Jared and the team have vowed never to change their London Dry formula, having developed it from the glorious traditions of generations of past masters. He describes London Dry gin as “the spirit of England”- rather like whiskey’s relationship with Scotland.
Nonetheless, when Sipsmith agreed to make a bespoke gin for the iconic Raffles Hotel in Singapore to mark the 100th anniversary of the Singapore Sling, Jared set out to create a classic London Dry with a blend of botanicals from Asia including jasmine flower, pomelo peel, lime leaf, lemongrass and nutmeg. With Sam Galsworthy being the great, great, great nephew of Sir Stamford Raffles, the founder of modern Singapore, this was a venture which was meant to be.
With Sipsmith creating their ‘Sipping Society’ in 2015, Jared and the growing team of Sipsmith distillers continue to experiment with ingredients to create limited-edition tasting experiences. He is particularly proud of his latest creation, Distiller’s Garden, due for launch in 2023. The botanicals were carefully chosen from his own, lovingly-tended garden near Bath, with homegrown lemon verbena, coriander, orris root, angelica and liquorice in the mix.
Jared strongly believes the craft gin movement will continue to thrive. While he expects to see shrinkage amongst some of the brands striving to be international players, he sees a bright future for quality local distillers.
“We live in a globalised culture where you can buy the same rum and coke in nearly every bar on the planet; the ultimate, affordable luxury is something local, which is unavailable elsewhere,” he explains.
“It’s time for all of us to earn our sales now,” he adds. “It has never been more important for there to be consumer education and outreach as well as regulation of the category, so people don’t hate gin because the first thing they tasted was a terrible facsimile of gin.

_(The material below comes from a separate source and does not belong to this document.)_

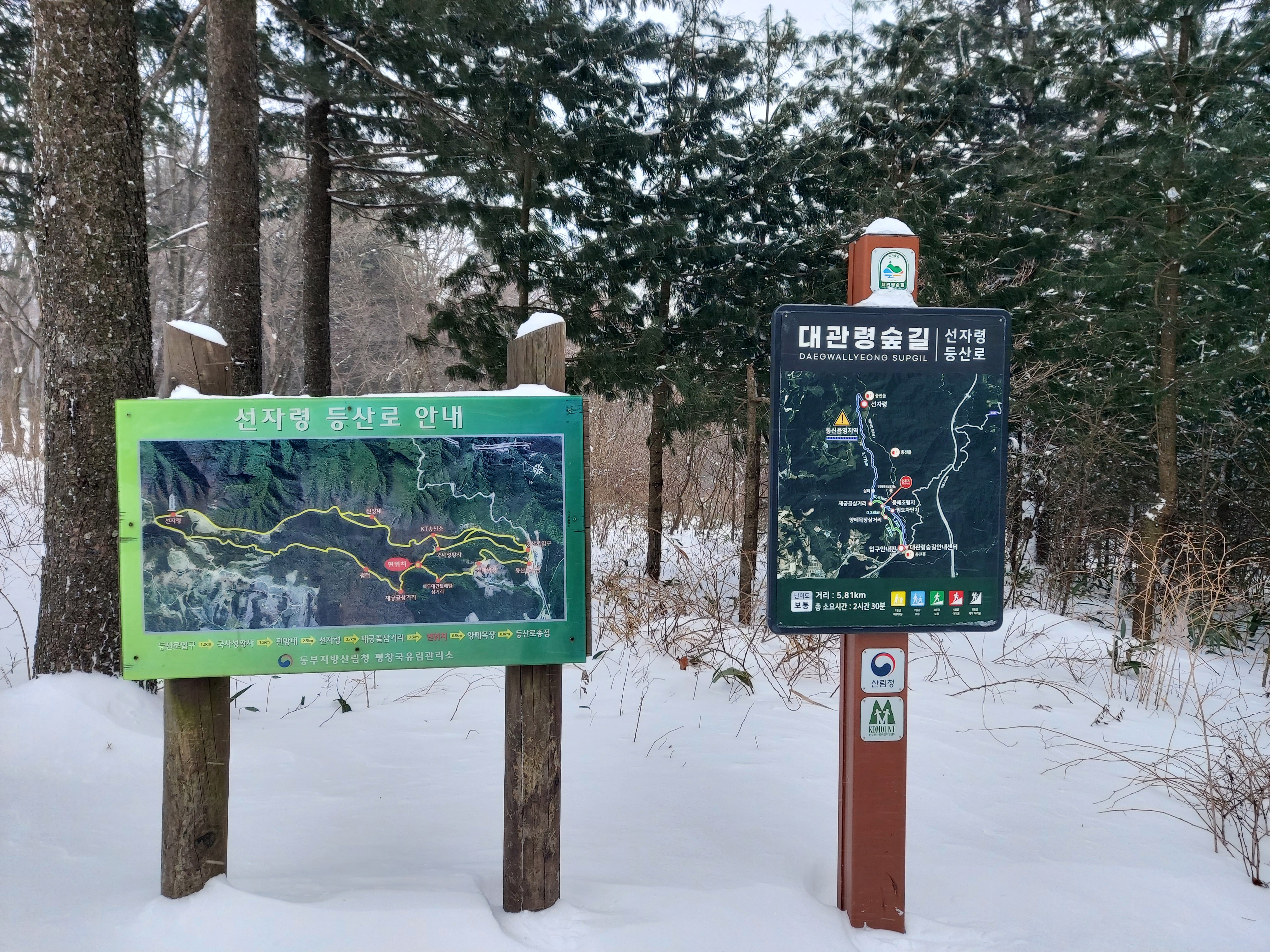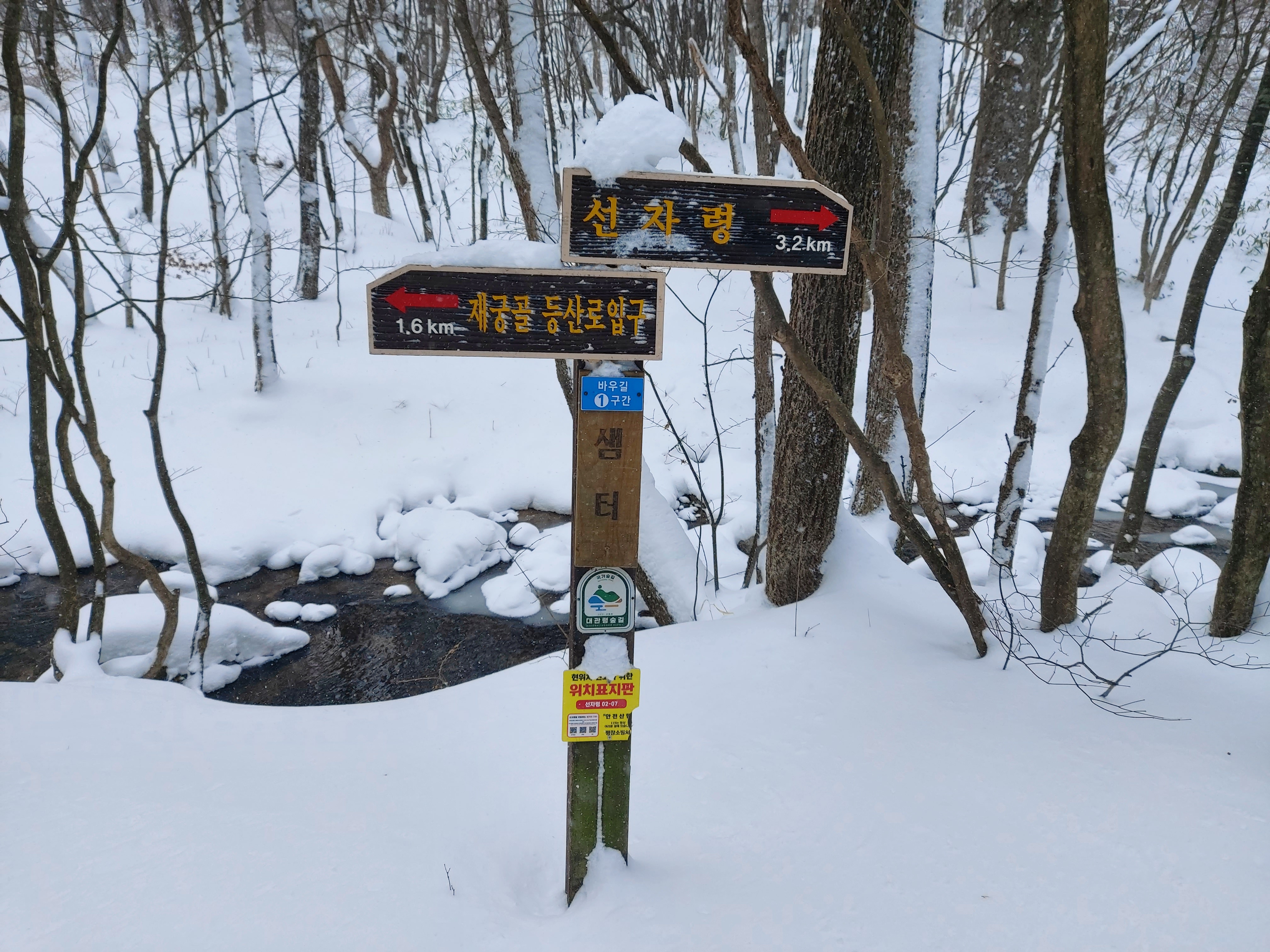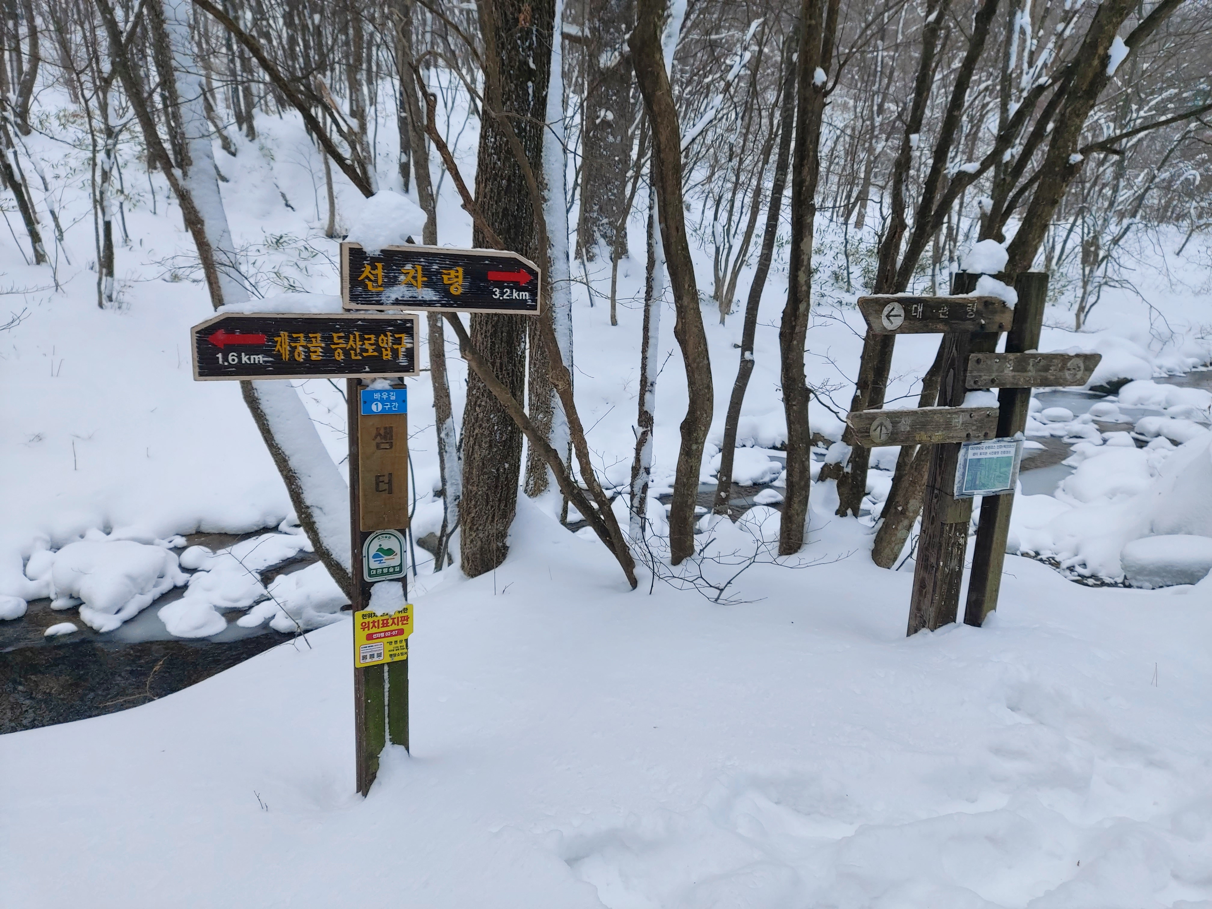 선자령 계곡 쉼터 이정목

“That makes The Gin Guild more important than ever on so many levels. There are so many people interested in gin and so many opportunities for consumer education,” he says, praising the Guild’s Gin-Note initiative. “Plus, we need to work with the on-trade and the off-trade to keep promoting quality products.
“Distillers too need an information source for defining the parameters of gin, guiding new distilleries and pointing them in the right direction to understand this beautiful spirit.
“Sam, Fairfax and I understood from the start that building the category is important. If someone goes out and has a bad gin, their next drink won’t be another gin, it will be a beer or a wine.
“Our competition is the multi-national beer companies, some of whom have put more emphasis on accounting and marketing than flavour considerations. If they lose 1% per year, the entire craft gin movement can continue to grow without stealing business from each other.”